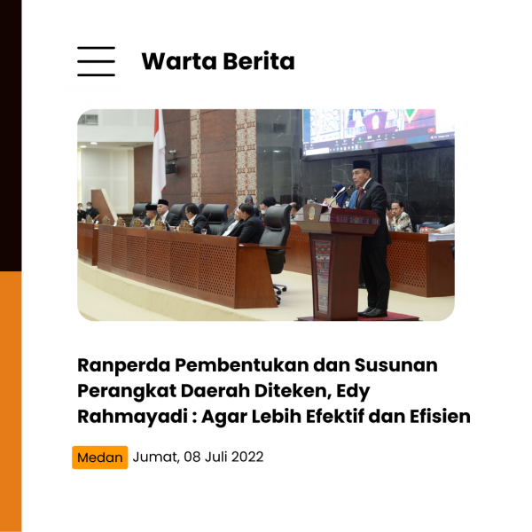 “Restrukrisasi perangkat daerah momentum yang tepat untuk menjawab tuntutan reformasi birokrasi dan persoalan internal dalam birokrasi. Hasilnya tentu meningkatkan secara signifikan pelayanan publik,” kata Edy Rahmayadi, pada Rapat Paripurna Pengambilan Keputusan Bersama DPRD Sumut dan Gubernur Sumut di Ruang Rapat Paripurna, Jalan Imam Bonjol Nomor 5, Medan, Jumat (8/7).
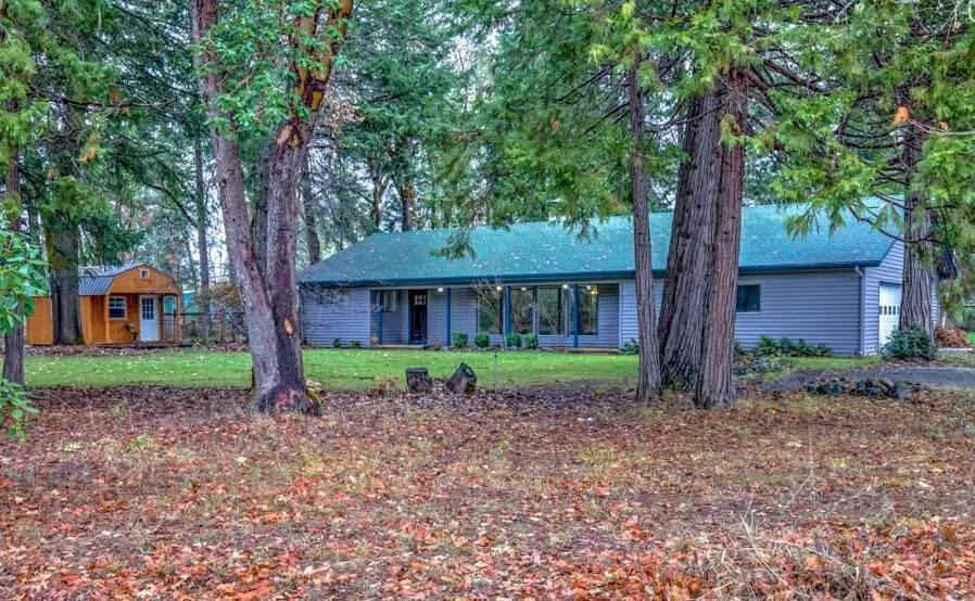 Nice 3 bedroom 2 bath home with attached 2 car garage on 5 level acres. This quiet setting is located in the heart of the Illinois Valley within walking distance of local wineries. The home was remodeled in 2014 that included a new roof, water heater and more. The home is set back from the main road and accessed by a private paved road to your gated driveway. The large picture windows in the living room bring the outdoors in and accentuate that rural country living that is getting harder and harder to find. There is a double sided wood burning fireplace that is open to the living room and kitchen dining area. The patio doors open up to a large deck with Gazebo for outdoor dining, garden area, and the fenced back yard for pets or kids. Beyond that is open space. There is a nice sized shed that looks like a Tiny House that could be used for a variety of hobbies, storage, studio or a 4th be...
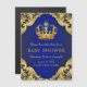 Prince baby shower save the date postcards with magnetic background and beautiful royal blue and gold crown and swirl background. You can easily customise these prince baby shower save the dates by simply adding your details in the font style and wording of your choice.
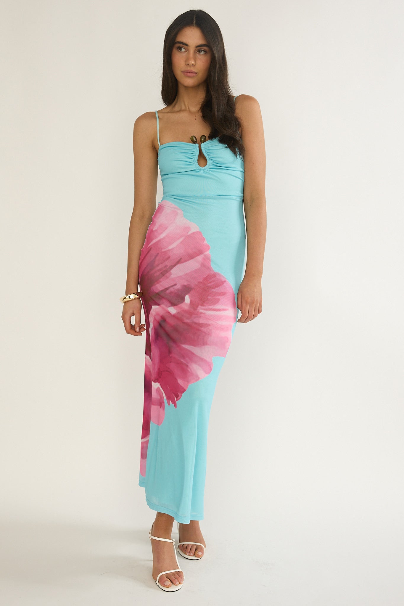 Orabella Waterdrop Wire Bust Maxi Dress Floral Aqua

...

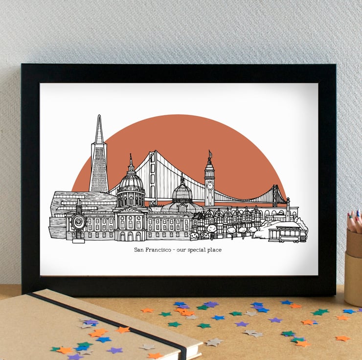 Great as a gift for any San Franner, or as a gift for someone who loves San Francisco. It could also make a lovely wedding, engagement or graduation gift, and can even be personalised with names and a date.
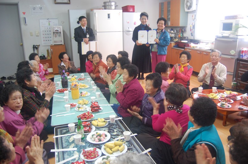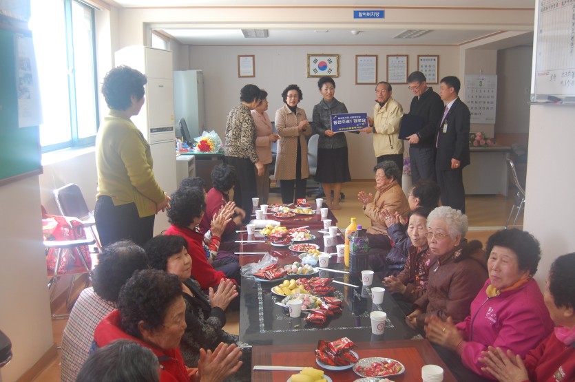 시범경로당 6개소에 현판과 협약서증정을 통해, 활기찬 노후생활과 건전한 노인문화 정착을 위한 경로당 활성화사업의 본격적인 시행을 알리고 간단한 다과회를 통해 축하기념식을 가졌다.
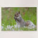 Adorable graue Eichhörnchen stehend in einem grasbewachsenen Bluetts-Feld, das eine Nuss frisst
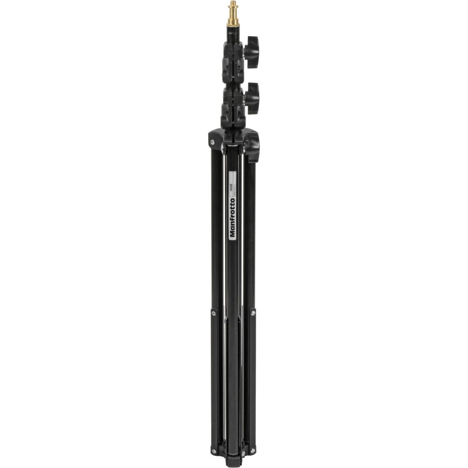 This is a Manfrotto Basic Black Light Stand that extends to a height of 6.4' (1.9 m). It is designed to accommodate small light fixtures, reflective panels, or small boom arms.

Activity:
Your answer is the exact run of lines above from the one with "Adorable graue Eichhörnchen" through the one with "This is a Manfrotto", both ends included, minus any picture.

Completed task:
 Adorable graue Eichhörnchen stehend in einem grasbewachsenen Bluetts-Feld, das eine Nuss frisst
 This is a Manfrotto Basic Black Light Stand that extends to a height of 6.4' (1.9 m). It is designed to accommodate small light fixtures, reflective panels, or small boom arms.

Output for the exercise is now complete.